Самое первое покушение на советского наркома должно было произойти в ноябре 1933 года за границей, в США. Жертвой террористического акта был намечен народный комиссар иностранных дел СССР Максим Литвинов.

До 1933 года США не признавали советское правительство, и дипломатических отношений между Кремлем и Капитолием не было. Нарком Литвинов собрался в Вашингтон на переговоры, чтобы по поручению Политбюро решить эту проблему.

Эмигранты-белогвардейцы, осевшие в Западной Европе, обеспокоились этой поездкой, предрекая ей успех. Дело в том, что настоящая фамилия Литвинова была другая — Баллах, и Сталин неспроста в 1930 году назначил его на пост наркома иностранных дел, полагая, что еврей Баллах добьется на этом поприще больше успеха, чем русский Чичерин. У Литвинова было много друзей-единоверцев в США и в других странах, да и сам факт, что еврей стал министром у Сталина, значил многое.

Короче говоря, русские эмигранты, бежавшие из Совдепии, как они называли советскую Россию, решили во что бы то ни стало сорвать переговоры в Вашингтоне, чтобы не дать двум державам наладить дружественные мосты. Совдепия должна оставаться в международной изоляции! — такова была точка зрения бывших офицеров белой армии.

Сорвать намечавшиеся контакты многочисленные эмигрантские союзы решили путем организации террористического акта против наркома Литвинова. Для чего и была создана группа боевиков, прекрасно владевших снайперским искусством. Офицеров, прославившихся меткостью в пулевой стрельбе на фронтах мировой и гражданской войн, разыскивали по всем странам и свозили в один центр.

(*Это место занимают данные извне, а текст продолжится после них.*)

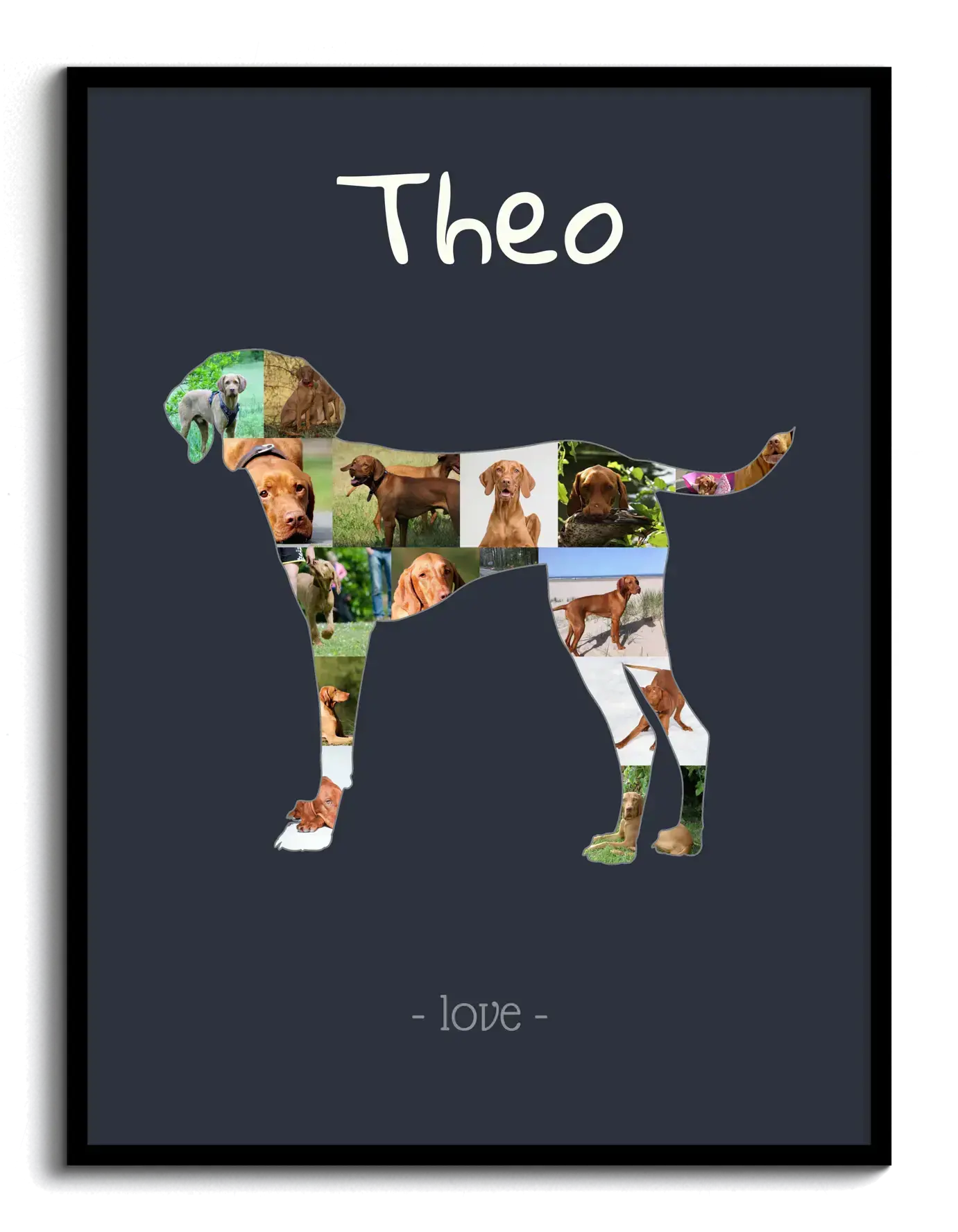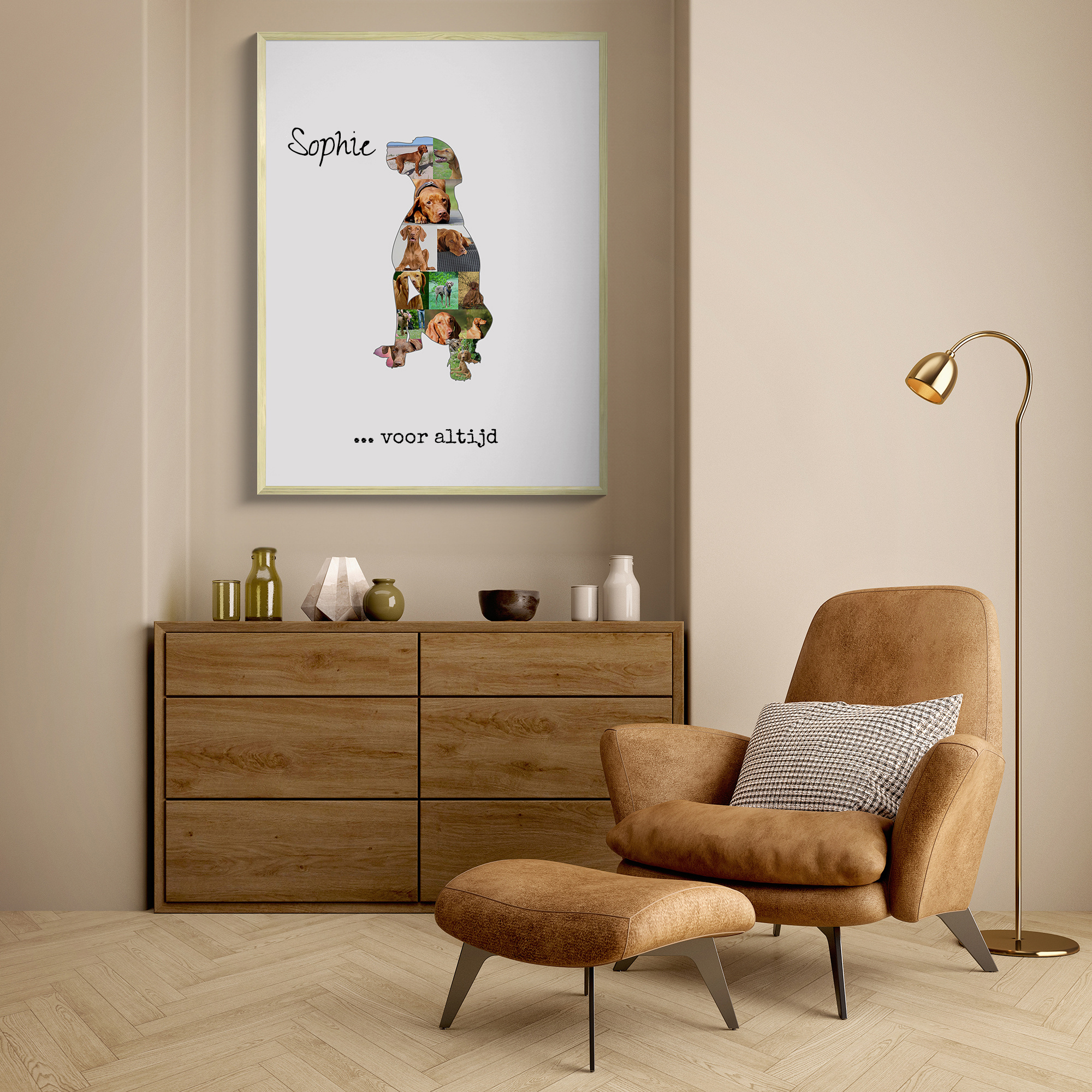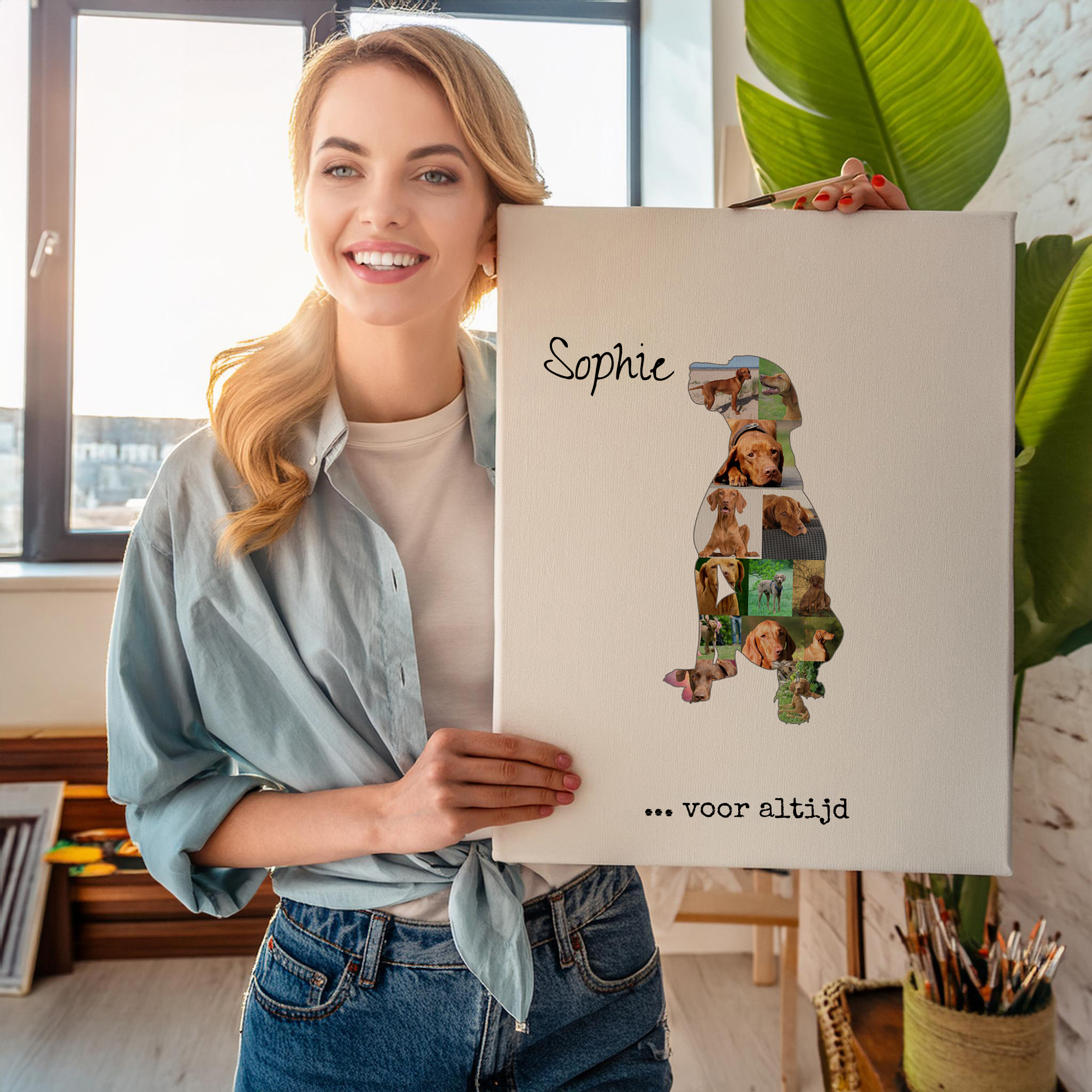 Ontwerp jouw eigen gepersonaliseerde fotocollage! Voor hondenliefhebbers hebben we een unieke optie: een collage in de vorm van een Magyar Vizsla-silhouet, gevuld met 15-20 van jouw favoriete foto's van je trouwe viervoeter. Voeg een persoonlijke boodschap toe zoals "voor altijd" of "liefde". Een prachtig herinneringsstuk voor je huis of een bijzonder cadeau voor vrienden en familie.

В октябре, после некоторой дополнительной подготовки, их перебросили в США, где предстояло ознакомиться с новыми условиями, адаптироваться в незнакомом городе.

Однако приготовления, проводившиеся в таком крупном масштабе, не остались незамеченными для агентуры НКВД, работавшей практически во всех странах Западной Европы и Латинской Америки. На Лубянку начали стекаться донесения о коварном замысле эмигрантских центров.

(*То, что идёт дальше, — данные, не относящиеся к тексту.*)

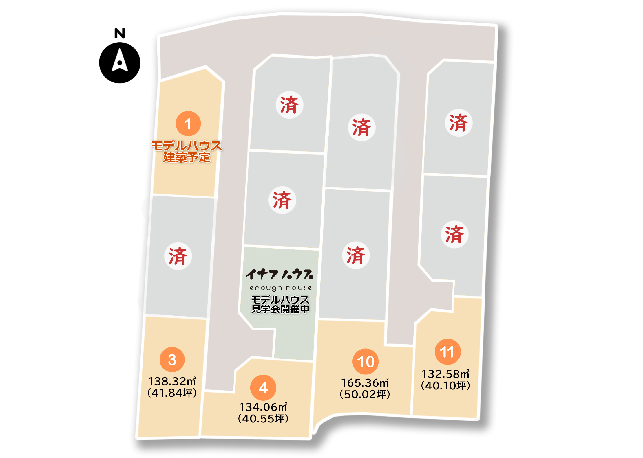 | 区画4 | 販売中 | 134.06㎡ | 40.55坪 | 11,354,000円 |

Политбюро поставило перед НКВД задачу — обезвредить террористов, не допустить убийства Литвинова и срыва переговоров с правительством США. Установление дипломатических отношений с богатой заокеанской страной сулило выгодное экономическое сотрудничество, инвестиции, развитие торговли.

НКВД проникся серьезностью поручения и блестяще справился с задачей. На всем пути следования наркома в Штаты — через Польшу, Германию и Францию — агентура НКВД была значительно усилена и приведена в боевую готовность. Возможность соприкосновения подозрительных лиц с наркомом была сведена к нулю.

Во Франции Литвинов сел на океанский лайнер «Беренгария», который седьмого ноября благополучно бросил якорь на внешнем рейде нью-йоркской гавани. На пароходе безопасность наркома обеспечивали восемь здоровенных телохранителей-американцев, которые не спускали с него глаз ни на минуту. Они несли вахту у его каюты круглосуточно, включая и ночные часы.

Агентура НКВД в Нью-Йорке и Вашингтоне тоже не теряла времени даром. Располагая точными приметами всех прибывших в США боевиков-снайперов, лубянские нелегалы переловили их и обезвредили. Это была одна из уникальнейших операций, когда-либо проводившихся спецслужбами в чужой стране.

Тем не менее меры безопасности не ослаблялись в течение всего срока пребывания Литвинова в Вашингтоне. Все передвижения советского наркома и сопровождавших его членов делегации производились на машинах в сопровождении охраны. За двадцать дней, которые Литвинов провел в США, он только дважды шел пешком, и то это было очень короткое расстояние, плотно блокированное агентами НКВД и сотрудниками секретной службы принимавшей стороны.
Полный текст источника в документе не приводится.